Mardi 12 janvier 18 h15 théâtre Jean Vilar à Suresnes. Dans la grande salle à demi éclairée, le filage de Street Dance Club d'Andrew Skeels, vient de s’achever. Joie d’avoir vu évoluer une heure durant de magnifiques danseurs, dans une chorégraphie inventive et pleine de vie, qui rend hommage à la danse des clubs noirs américains des années 20-30, tout en inventant son propre univers.
De l’esprit Cotton Club et Savoy Ballroom, le chorégraphe n’a pas voulu, en effet, retenir les paillettes. Mais plutôt la naissance d’une nouvelle communauté d’hommes et femmes, unis par la danse et la musique au-delà des barrières imposées alors par la ségrégation féroce régnant aux Etats-Unis. D’où une série d’ensembles très réussis où se rejoue, sous plusieurs formes et combinaisons, l’éternelle dynamique d’un groupe tour à tour excluant puis intégrant des individus à la fois différents et semblables.

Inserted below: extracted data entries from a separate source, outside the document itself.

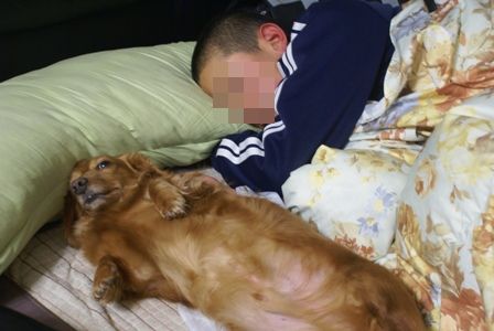 睡眠学習中と思われるテスト前の中学生長男と我が家のモカ(ダックス)です長男が小学校1年のときに家族になりましたこの頃、長男にシャンプーしてもらったりで、仲良しちょっとやきもちを焼いてるママでした
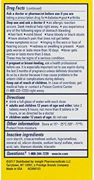 BULLET POINTS  :   1 >  Contains 2 ingredients: aspirin (NSAID) and caffeine, which work together to deliver fast pain relief
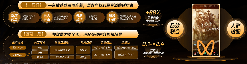 内容方面,游戏在研发阶段,可以借助腾讯广告达成IP合作,“先声夺人”地获得一定受众优势;版更/节点大推时,短剧、代言人、体育/直播节目等跨界资源,能够进一步扩大游戏声量、集中获客;常态化营销阶段,还可以通过视频号互选功能获取优质UGC素材,利用“互选二推”机制继承自然流量数据,提升买量转化效率。

Skeels n’a pas son pareil pour faire surgir des images fortes de pyramides de têtes ou de mains, de corps aux mouvements subtilement décalés, et de chaînes de gestes coordonnés s’animant façon jeu de carte. Mais il sait aussi créer de beaux solos et duos où se révèle une écriture ciselée qui, bien que très contemporaine, puise paradoxalement à certaines des sources du mouvement hip hop.
Tout autant que la danse, la partition originale du jazzman Antoine Hervé est indissociable de la pièce. Le compositeur, avec un talent époustouflant, a su restituer l’ambiance sonore de ce pan d’Histoire en reprenant et en réorchestrant les thèmes de plusieurs standards, de Duke Ellington à Billie Holiday. En complicité avec Andrew Skeels, il a privilégié une tonalité souvent nostalgique, comme pour ne pas oublier que derrière leur virtuosité et leur gaieté affichée, les artistes de cette époque vivaient une réalité beaucoup moins rose.
A quelques dizaines d’heure de la première, Andrew Skeels est fébrile. Son Street Dance Club n’est pas la reconstitution plate des danses noires et blanches d’avant-guerre qu’auraient peut-être attendue certains. Mais il en est d’autant plus intéressant. En conjuguant son regard d’Américain d’aujourd’hui sur un passé aussi stimulant que complexe, et l’inspiration apportée par des interprètes nourris d’influences multiples - du krump au new style en passant par le break et l’électro -, il réussit à recréer une filiation inattendue entre la gestuelle saccadée des danses urbaines et la musique des années trente. Dans le pur plaisir de la danse mais sans rien renier du passé, ni du présent.